Gillian Wigmore, Glory

Love and violence: I don't care what small town you're from, love and violence is the scales from which you and your beliefs are suspended. Fight me.

Or maybe we're all suspended on chains of love and violence, wherever we are or are from, but it's Gillian Wigmore's jagged, piercing novella Glory that's brought it home to me, through her fictionalized depiction of Fort St. James, BC, and so tonight I'll fight anyone who says it's not the truth about small towns.

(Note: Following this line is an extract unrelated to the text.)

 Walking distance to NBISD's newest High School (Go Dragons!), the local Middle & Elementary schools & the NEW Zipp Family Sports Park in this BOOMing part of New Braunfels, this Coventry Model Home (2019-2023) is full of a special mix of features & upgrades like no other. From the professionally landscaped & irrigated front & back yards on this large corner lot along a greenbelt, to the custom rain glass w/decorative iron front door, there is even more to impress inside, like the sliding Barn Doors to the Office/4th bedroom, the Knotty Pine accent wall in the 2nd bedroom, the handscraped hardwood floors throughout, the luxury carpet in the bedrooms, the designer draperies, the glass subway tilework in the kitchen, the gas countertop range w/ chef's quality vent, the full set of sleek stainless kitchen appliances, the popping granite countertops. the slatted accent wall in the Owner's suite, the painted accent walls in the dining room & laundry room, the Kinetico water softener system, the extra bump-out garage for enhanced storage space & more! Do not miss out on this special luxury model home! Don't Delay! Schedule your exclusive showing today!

To be clear, Glory is a story about women, three women in particular who each make this book peculiarly hers. A lesser writer would have given each her own novel, and each one could fill her own volume without much help from the others, but in Wigmore's hands we don't need those extra pages and volumes. More than that, a great novella is a work of alchemy, and that's what we're treated to in Glory.

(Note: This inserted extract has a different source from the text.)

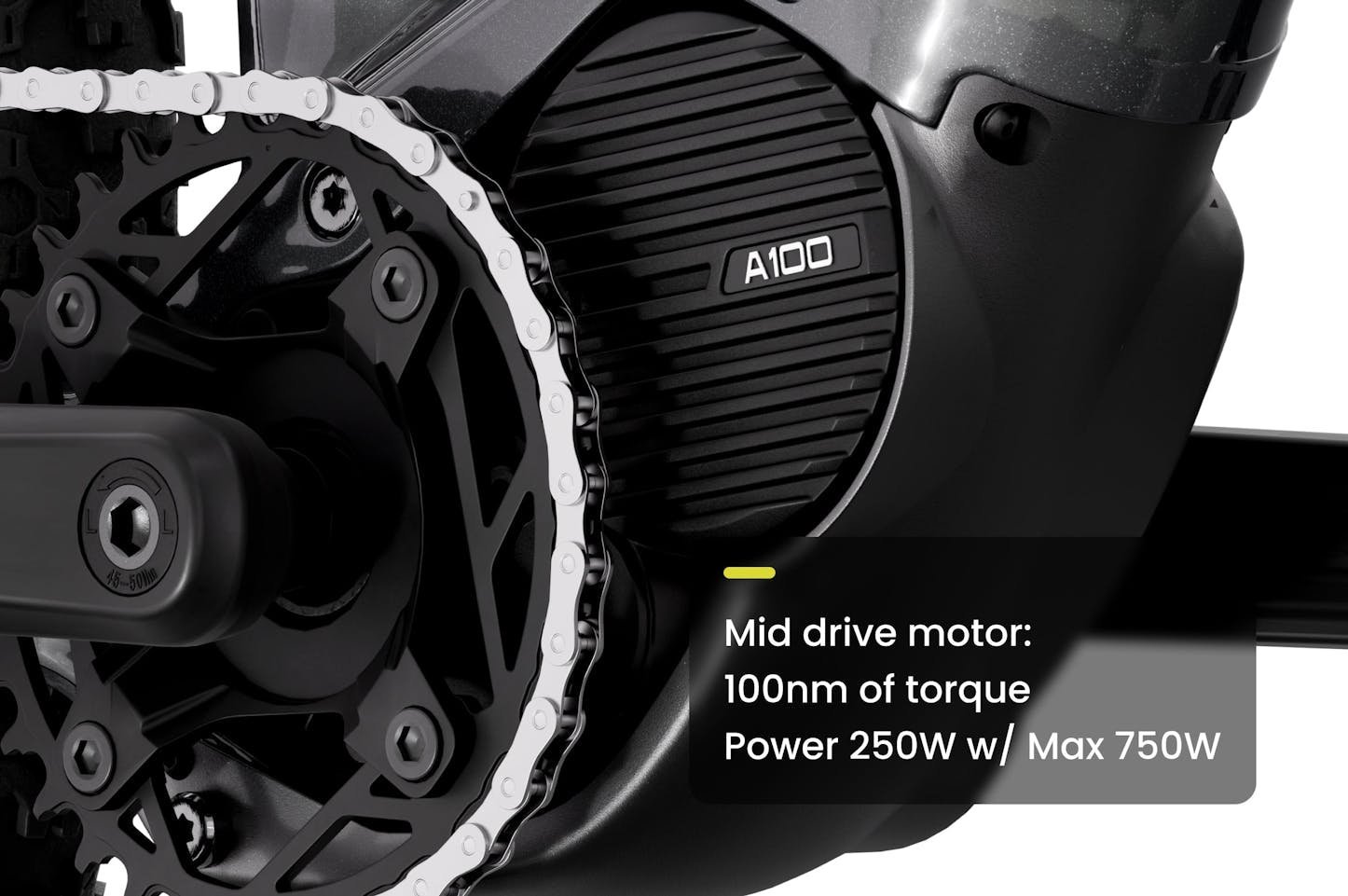 Motor: Aventon-designed Mid-Drive, 250W (Nominal) / 750W (Peak), 100 Nm torque

A summary: young Danny and Renee Chance flee Vancouver's housing market, making like Maggie Lloyd in Swamp Angel but as a couple lugging a baby named Thomas, heading for Danny's childhood cabin outside Fort St. James. Once there, Danny is subsumed into work at the lumber mill, and Renee is consumed by motherhood: inexperienced, exhausted, in winter, outside town, without a vehicle or visitors or the internet. Desperate, one evening she leaves the baby with her husband but can't force herself into the perky mom yoga class, and all in a moment she falls head over heels, intoxicated and intoxicatingly, into the orbit of local bar star (and so, so much more) Glory Stuart, who is herself impossible to summarize. An absolute cataclysm ensues.

The network of relationships among the novella's dozen or so significant on-screen characters is intricately tangled and overlapping, but Glory fires everyone. To some extent everyone in Fort St. James is chasing glory / Glory in this novella, from her two non-overlapping lovers and her cousin / musical partner Crystal, to her daughter Juniper she's long ago surrendered to her own father and the nerves-on-the-outside Renee.  No one who comes near Glory can depart without scars, which is a power she seems never to have quite minded.

In providing the story's frame, Danny and Renee function as stand-ins for Glory's urban and #CanLit readers, so we can see ourselves in Wigmore's imagined Fort St. James. We live inside Renee's life early on; her flight from Vancouver with Danny really does feel like Maggie Lloyd's, and her suffering motherhood is familiar and intimate and recognizably shudder-inducing. Once she enters the reeling revelry of community in Fort St. James, an air of danger surrounds her, and it's hard to take your eyes off her even though the novel's not named after her.

And yet for me it's neither Glory's novel, though we all live in Glory's world, nor Renee's, even if her eyes provide invaluable insight into Fort St. James and the people of this novel. It's Crystal whose strength keeps the novella, its families, and the town alive. Crystal is mostly inexplicable and inaccessible to others, so our insight through her occasional first-person narration feels a treat. In Crystal's largely unarticulated anxieties and hopes, Wigmore has stealthily given her readers a remarkable character.

But I'm going to stop piling up words. The women in your life need this book, maybe almost as much as the men do. Buy it for them.

Ten years ago, I picked Rita Wong's forage over Wigmore's Soft Geography, when I wanted to teach a recent, environmentally minded book of poetry by a BC woman writer. I don't regret that decision at all; a student's project for that course survives still as the basis for Wong's Wikipedia page, and I've taught forage once more since then as well as Wong's undercurrent. The next chance I get, though, I'm teaching GlorySteven Beattie's view be hanged ("Wigmore manages to inject shopworn tropes with a vibrant urgency": bite me, seriously).